*DATA BELOW*:
* * * *

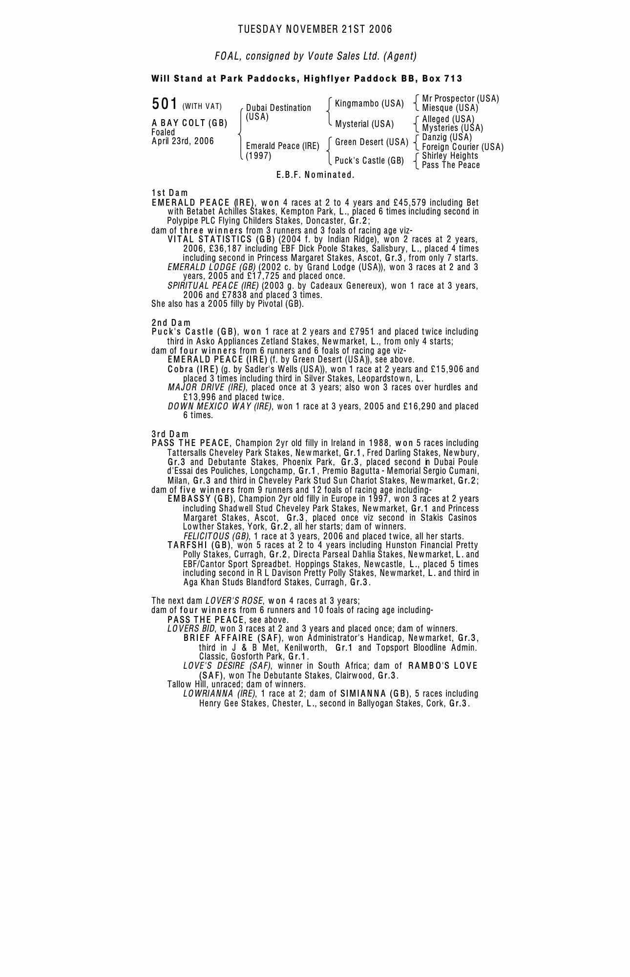 July Sale 2009 lot 98 Carved Emerald (GB) (F. by Pivotal (GB)), Castlemartin Stud, Ireland=>Suzanne Roberts 40,000 gns
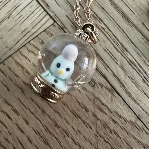 Sød julehalskæde med tre charms: snemand, snefnug og juletræ, emaljerede og med rhinstene. Halskæden måler 41 cm, og kan forlænges med 7,5 cm.
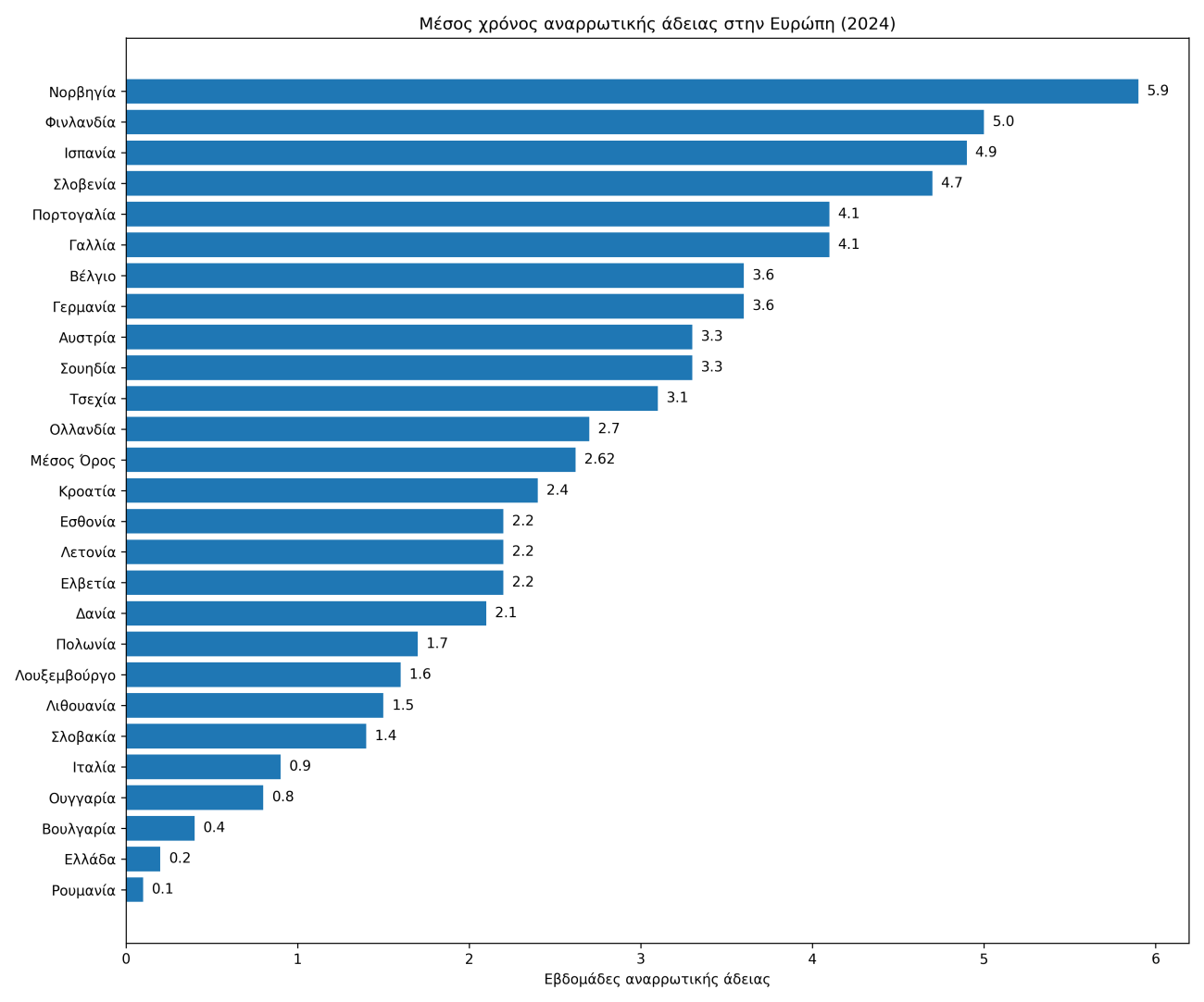 Ο ευρωπαϊκός μέσος όρος απουσίας λόγω ασθενείας σε 26 χώρες, είναι 2,62 εβδομάδες ετησίως. Απουσιάζουν τα στοιχεία για την Ισλανδία, τη Βρετανία και την Ιρλανδία, καθώς δεν είναι συγκρίσιμα (μετριούνται μόνο οι πλήρεις εβδομάδες άδειας).

* * * *

Give an exact copy of the listing, without its pictures.

*OUTPUT FOR THIS TASK*:
 July Sale 2009 lot 98 Carved Emerald (GB) (F. by Pivotal (GB)), Castlemartin Stud, Ireland=>Suzanne Roberts 40,000 gns
 Sød julehalskæde med tre charms: snemand, snefnug og juletræ, emaljerede og med rhinstene. Halskæden måler 41 cm, og kan forlænges med 7,5 cm.
 Ο ευρωπαϊκός μέσος όρος απουσίας λόγω ασθενείας σε 26 χώρες, είναι 2,62 εβδομάδες ετησίως. Απουσιάζουν τα στοιχεία για την Ισλανδία, τη Βρετανία και την Ιρλανδία, καθώς δεν είναι συγκρίσιμα (μετριούνται μόνο οι πλήρεις εβδομάδες άδειας).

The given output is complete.